:: Provided records ::
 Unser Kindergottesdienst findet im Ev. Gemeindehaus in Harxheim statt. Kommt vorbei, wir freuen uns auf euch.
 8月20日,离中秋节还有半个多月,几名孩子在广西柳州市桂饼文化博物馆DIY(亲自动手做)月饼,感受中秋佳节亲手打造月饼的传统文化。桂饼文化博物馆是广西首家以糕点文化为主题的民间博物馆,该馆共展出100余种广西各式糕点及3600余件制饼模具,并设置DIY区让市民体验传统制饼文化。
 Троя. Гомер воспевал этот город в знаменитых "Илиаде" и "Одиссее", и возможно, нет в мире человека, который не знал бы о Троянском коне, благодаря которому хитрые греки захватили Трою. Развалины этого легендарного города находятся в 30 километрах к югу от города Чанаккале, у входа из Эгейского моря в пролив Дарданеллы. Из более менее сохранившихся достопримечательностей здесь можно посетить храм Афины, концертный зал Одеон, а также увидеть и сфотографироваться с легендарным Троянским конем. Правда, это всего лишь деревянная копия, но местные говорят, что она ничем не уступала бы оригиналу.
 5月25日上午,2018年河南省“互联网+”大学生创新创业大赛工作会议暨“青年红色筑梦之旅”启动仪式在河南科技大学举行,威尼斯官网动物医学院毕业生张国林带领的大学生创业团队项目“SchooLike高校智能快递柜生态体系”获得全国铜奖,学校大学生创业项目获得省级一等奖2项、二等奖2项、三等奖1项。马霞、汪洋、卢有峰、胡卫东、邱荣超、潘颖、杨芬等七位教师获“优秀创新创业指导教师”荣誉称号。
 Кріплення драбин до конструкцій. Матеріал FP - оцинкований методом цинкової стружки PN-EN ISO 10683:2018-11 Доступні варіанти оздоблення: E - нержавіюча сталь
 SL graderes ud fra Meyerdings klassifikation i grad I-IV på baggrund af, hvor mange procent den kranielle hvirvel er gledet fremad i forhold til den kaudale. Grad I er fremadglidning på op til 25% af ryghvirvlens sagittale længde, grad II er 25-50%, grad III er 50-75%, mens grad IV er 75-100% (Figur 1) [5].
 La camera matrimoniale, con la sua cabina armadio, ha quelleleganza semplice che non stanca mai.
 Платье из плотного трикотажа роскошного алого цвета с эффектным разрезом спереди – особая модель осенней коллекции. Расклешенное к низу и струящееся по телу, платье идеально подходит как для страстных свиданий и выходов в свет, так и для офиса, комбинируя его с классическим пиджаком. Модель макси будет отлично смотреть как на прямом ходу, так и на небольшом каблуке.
* * *
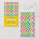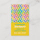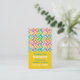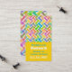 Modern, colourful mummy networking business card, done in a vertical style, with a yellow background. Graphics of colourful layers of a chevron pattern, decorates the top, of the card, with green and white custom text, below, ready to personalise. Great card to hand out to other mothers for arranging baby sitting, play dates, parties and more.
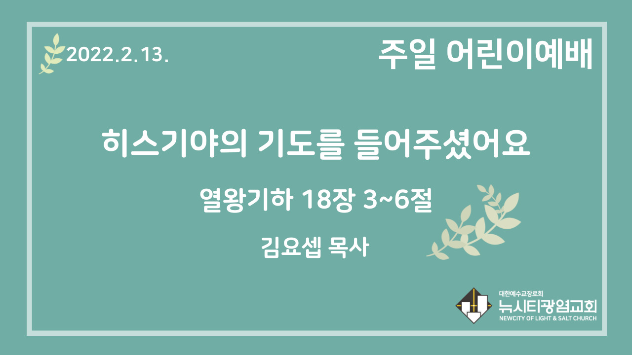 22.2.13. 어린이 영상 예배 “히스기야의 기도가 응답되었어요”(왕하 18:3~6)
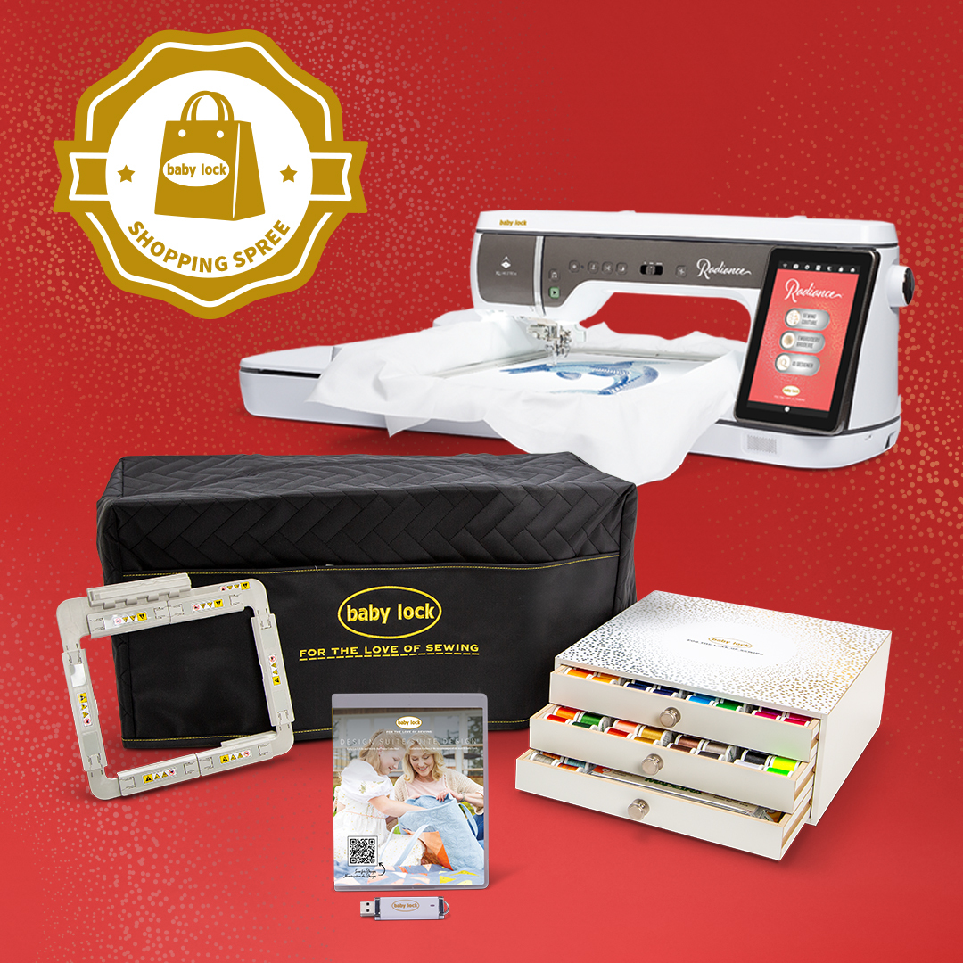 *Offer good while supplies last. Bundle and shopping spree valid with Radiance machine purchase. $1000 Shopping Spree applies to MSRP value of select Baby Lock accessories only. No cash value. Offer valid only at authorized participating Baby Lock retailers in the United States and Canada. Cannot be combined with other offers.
---
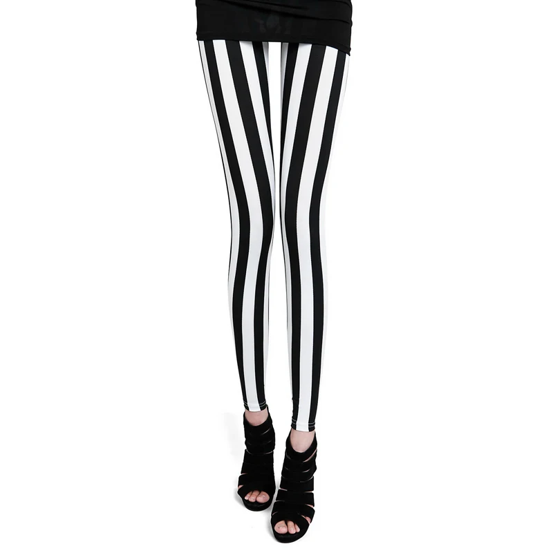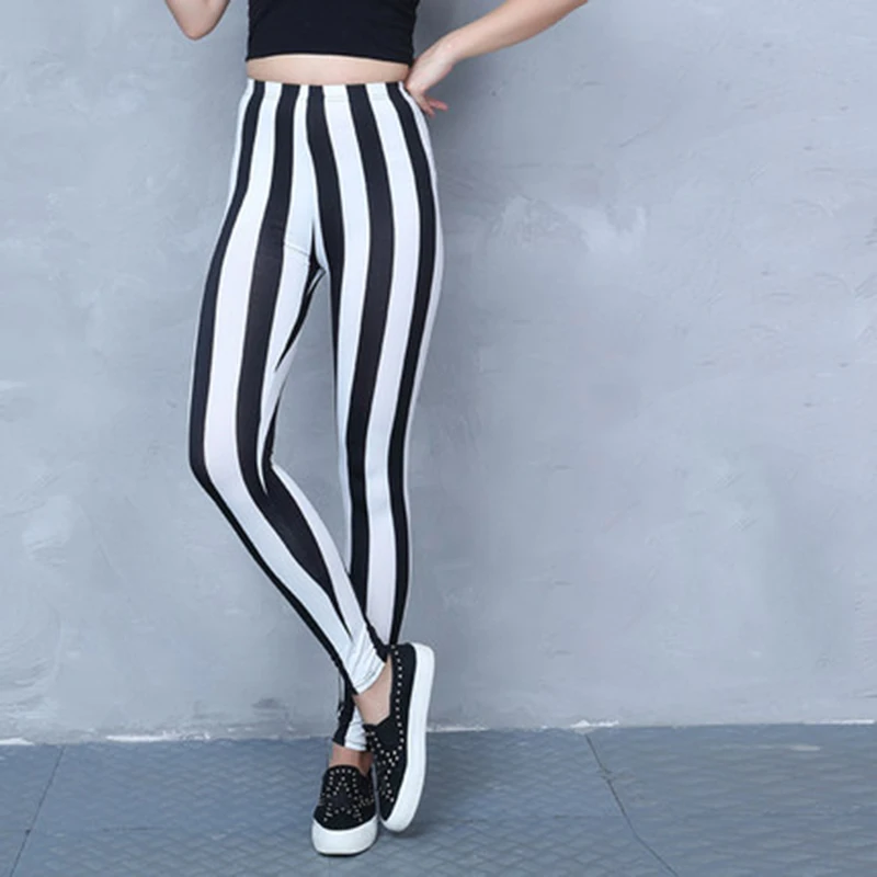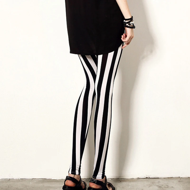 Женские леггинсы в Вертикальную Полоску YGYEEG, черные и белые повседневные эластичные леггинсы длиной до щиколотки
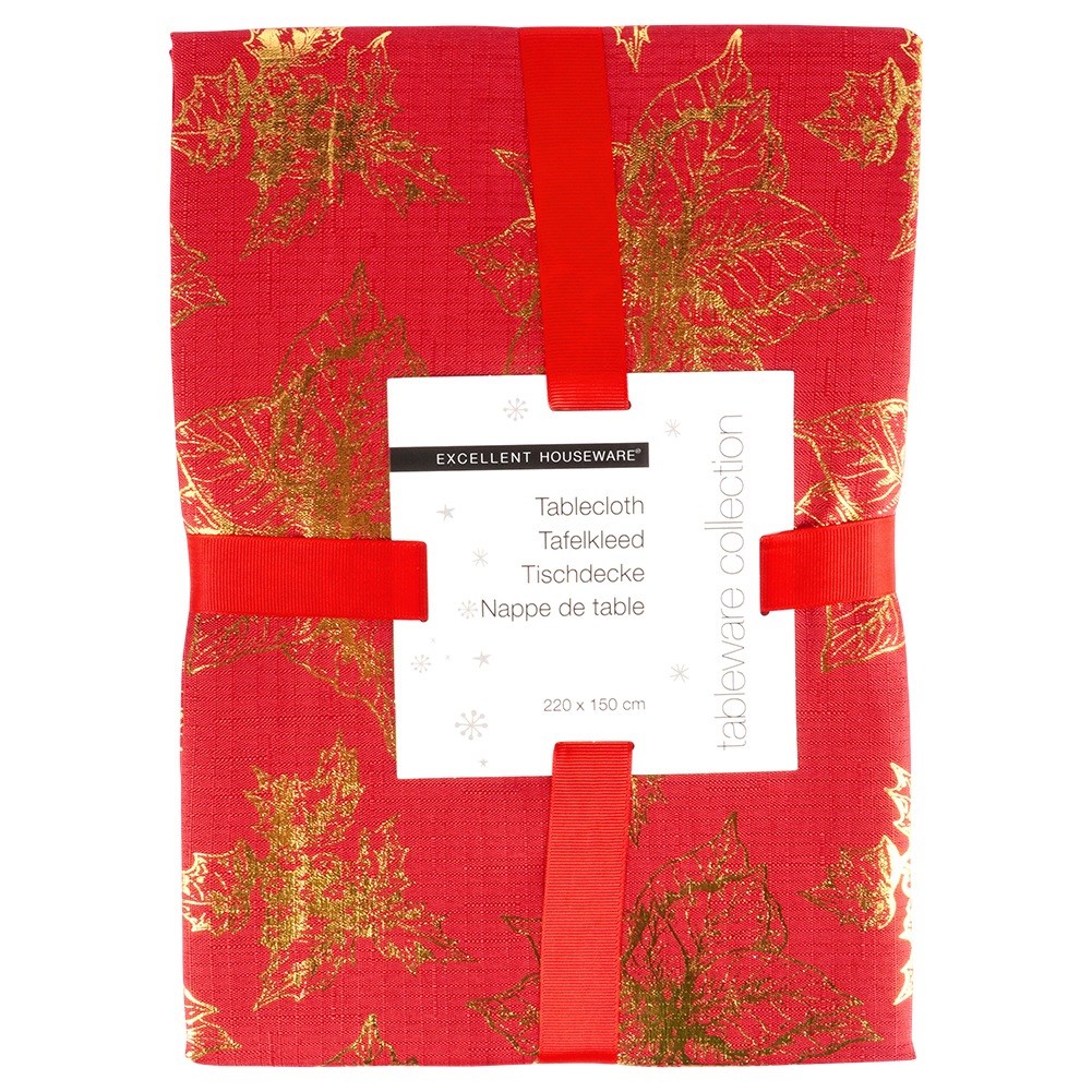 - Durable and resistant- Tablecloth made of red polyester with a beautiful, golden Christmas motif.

:: Exercise details ::
Could you restate, word for word, the lines above from the one with "5月25日上午,2018年河" to the one with "Кріплення драбин до", both included?

:: Solution for this exercise ::
 5月25日上午,2018年河南省“互联网+”大学生创新创业大赛工作会议暨“青年红色筑梦之旅”启动仪式在河南科技大学举行,威尼斯官网动物医学院毕业生张国林带领的大学生创业团队项目“SchooLike高校智能快递柜生态体系”获得全国铜奖,学校大学生创业项目获得省级一等奖2项、二等奖2项、三等奖1项。马霞、汪洋、卢有峰、胡卫东、邱荣超、潘颖、杨芬等七位教师获“优秀创新创业指导教师”荣誉称号。
 Кріплення драбин до конструкцій. Матеріал FP - оцинкований методом цинкової стружки PN-EN ISO 10683:2018-11 Доступні варіанти оздоблення: E - нержавіюча сталь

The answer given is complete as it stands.